## Assignment:
Could you copy exactly the lines below from the one with "Meuble bas gris" to the one with "花花公子(PLAYBOY)爸爸冬装外套中年加绒加厚皮衣服男中老年人皮毛一体皮夹克 黑色 M", inclusive, leaving out any pictures?

## Record extracts:
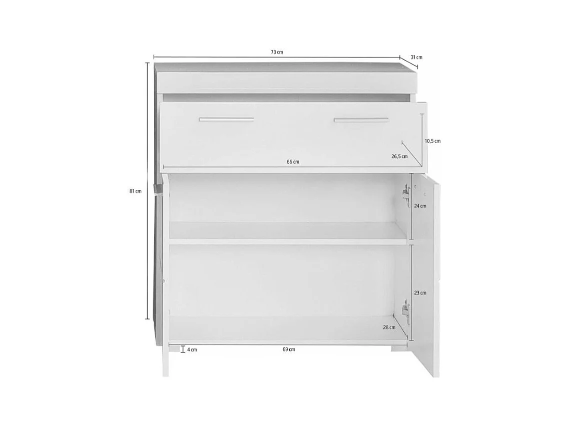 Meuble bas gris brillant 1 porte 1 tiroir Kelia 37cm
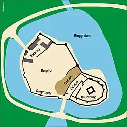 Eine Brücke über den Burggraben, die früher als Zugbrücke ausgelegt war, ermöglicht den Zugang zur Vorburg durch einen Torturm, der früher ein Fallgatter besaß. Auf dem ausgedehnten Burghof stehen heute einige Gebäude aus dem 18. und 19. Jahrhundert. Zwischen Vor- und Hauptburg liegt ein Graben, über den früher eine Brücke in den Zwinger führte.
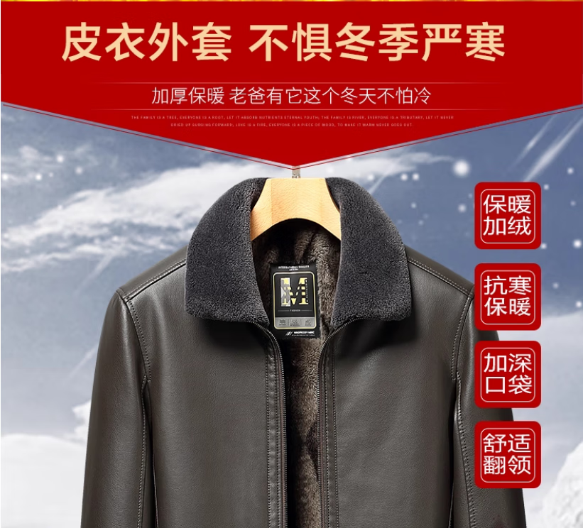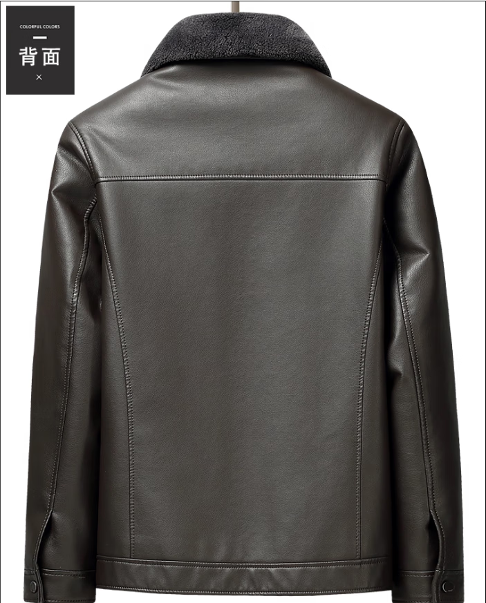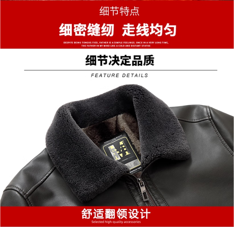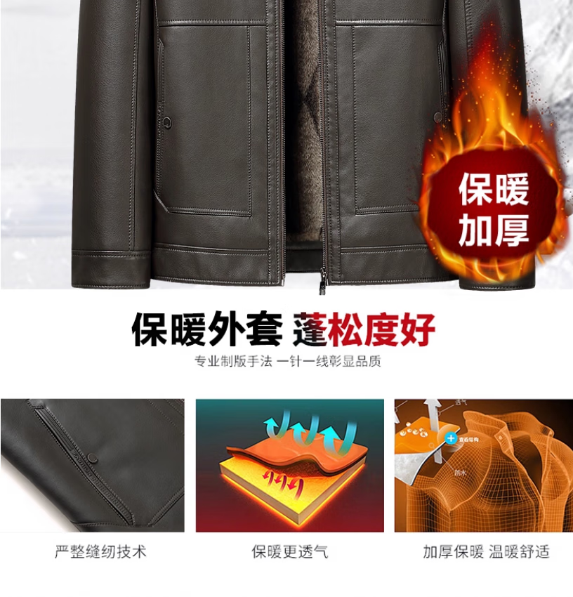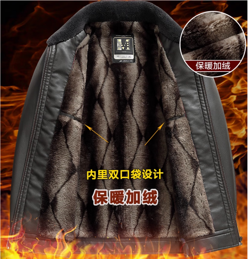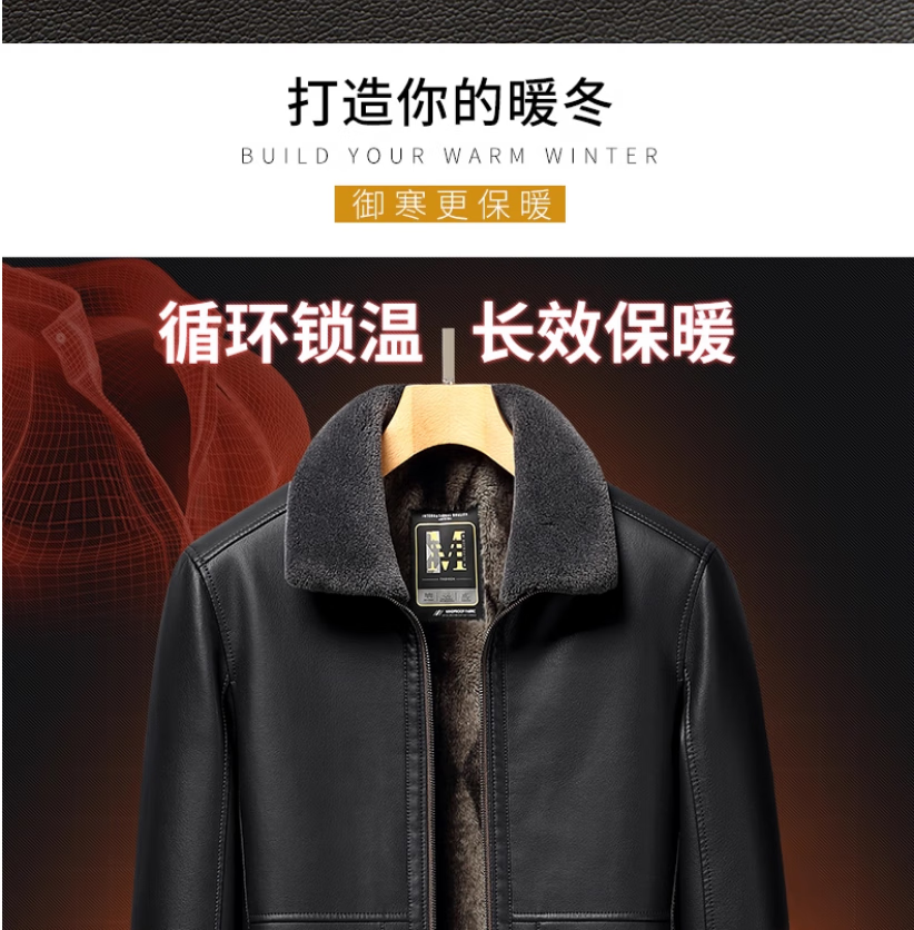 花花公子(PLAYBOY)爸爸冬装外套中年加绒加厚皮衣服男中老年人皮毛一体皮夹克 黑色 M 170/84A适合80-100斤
--
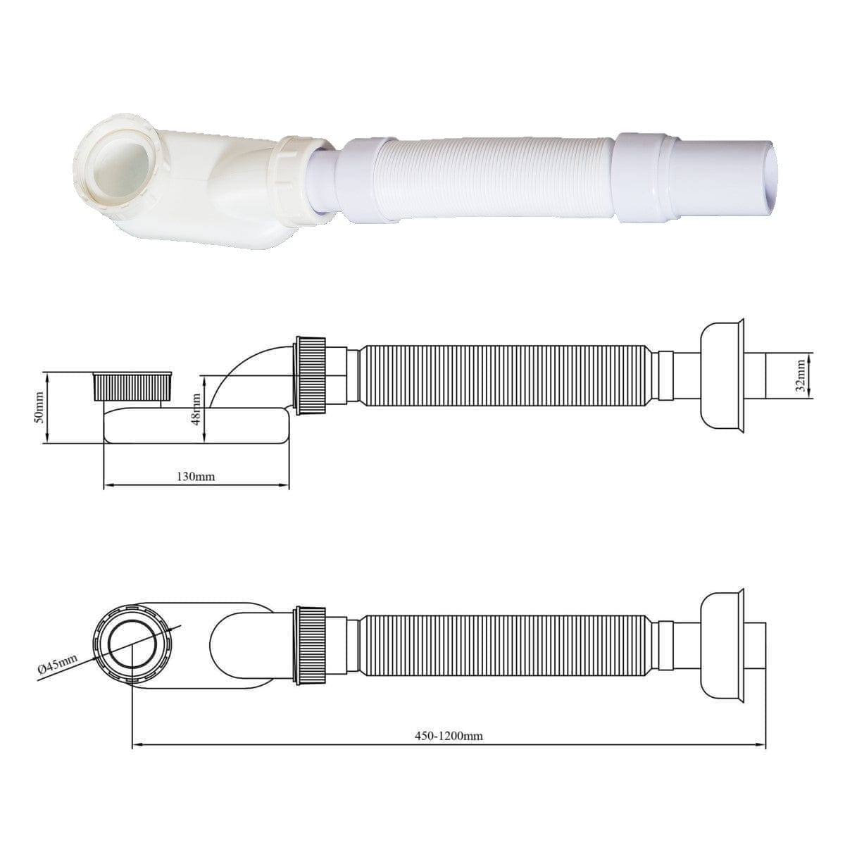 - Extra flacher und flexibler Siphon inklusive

## Output of the exercise:
 Meuble bas gris brillant 1 porte 1 tiroir Kelia 37cm
 Eine Brücke über den Burggraben, die früher als Zugbrücke ausgelegt war, ermöglicht den Zugang zur Vorburg durch einen Torturm, der früher ein Fallgatter besaß. Auf dem ausgedehnten Burghof stehen heute einige Gebäude aus dem 18. und 19. Jahrhundert. Zwischen Vor- und Hauptburg liegt ein Graben, über den früher eine Brücke in den Zwinger führte.
 花花公子(PLAYBOY)爸爸冬装外套中年加绒加厚皮衣服男中老年人皮毛一体皮夹克 黑色 M 170/84A适合80-100斤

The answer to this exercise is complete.